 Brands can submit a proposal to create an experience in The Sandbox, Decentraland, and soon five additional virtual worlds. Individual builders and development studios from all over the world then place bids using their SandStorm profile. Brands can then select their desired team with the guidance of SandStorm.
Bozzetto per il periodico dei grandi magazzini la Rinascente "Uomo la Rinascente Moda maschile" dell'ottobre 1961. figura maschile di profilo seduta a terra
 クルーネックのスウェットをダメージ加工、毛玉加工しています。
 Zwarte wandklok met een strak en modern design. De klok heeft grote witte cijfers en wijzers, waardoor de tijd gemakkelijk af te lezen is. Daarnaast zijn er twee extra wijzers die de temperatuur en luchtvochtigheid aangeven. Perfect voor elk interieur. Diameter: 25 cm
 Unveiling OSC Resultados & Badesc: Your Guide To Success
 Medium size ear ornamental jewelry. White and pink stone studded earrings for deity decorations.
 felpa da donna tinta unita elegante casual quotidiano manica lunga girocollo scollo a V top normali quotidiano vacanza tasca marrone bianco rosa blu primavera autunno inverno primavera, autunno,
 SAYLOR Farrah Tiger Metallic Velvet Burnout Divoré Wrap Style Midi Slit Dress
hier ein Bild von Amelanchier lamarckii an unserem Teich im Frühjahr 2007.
──────────────────────────────
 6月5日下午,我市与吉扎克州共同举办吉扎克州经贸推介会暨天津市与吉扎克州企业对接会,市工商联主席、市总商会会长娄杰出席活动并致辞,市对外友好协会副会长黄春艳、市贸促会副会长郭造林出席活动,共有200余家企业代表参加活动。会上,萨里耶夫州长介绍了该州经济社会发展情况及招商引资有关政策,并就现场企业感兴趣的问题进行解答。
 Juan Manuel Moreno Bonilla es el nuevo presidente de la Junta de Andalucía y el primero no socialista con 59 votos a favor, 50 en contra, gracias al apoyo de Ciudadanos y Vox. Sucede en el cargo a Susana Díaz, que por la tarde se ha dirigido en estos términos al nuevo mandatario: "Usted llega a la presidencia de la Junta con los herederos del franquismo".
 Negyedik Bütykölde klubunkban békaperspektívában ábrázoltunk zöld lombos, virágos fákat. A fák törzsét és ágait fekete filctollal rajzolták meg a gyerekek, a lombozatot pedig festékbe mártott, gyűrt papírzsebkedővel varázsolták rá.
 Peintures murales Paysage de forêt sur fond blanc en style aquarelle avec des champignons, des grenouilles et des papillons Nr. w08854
──────────────────────────────
ASSIGNMENT:
Here the output must be the lines above from the line with "クルーネックのスウェットをダメージ加工、毛玉加工しています。" to the line with "SAYLOR Farrah Tiger", both included, duplicated word for word and nothing else.

RESPONSE FOR THIS EXERCISE:
 クルーネックのスウェットをダメージ加工、毛玉加工しています。
 Zwarte wandklok met een strak en modern design. De klok heeft grote witte cijfers en wijzers, waardoor de tijd gemakkelijk af te lezen is. Daarnaast zijn er twee extra wijzers die de temperatuur en luchtvochtigheid aangeven. Perfect voor elk interieur. Diameter: 25 cm
 Unveiling OSC Resultados & Badesc: Your Guide To Success
 Medium size ear ornamental jewelry. White and pink stone studded earrings for deity decorations.
 felpa da donna tinta unita elegante casual quotidiano manica lunga girocollo scollo a V top normali quotidiano vacanza tasca marrone bianco rosa blu primavera autunno inverno primavera, autunno,
 SAYLOR Farrah Tiger Metallic Velvet Burnout Divoré Wrap Style Midi Slit Dress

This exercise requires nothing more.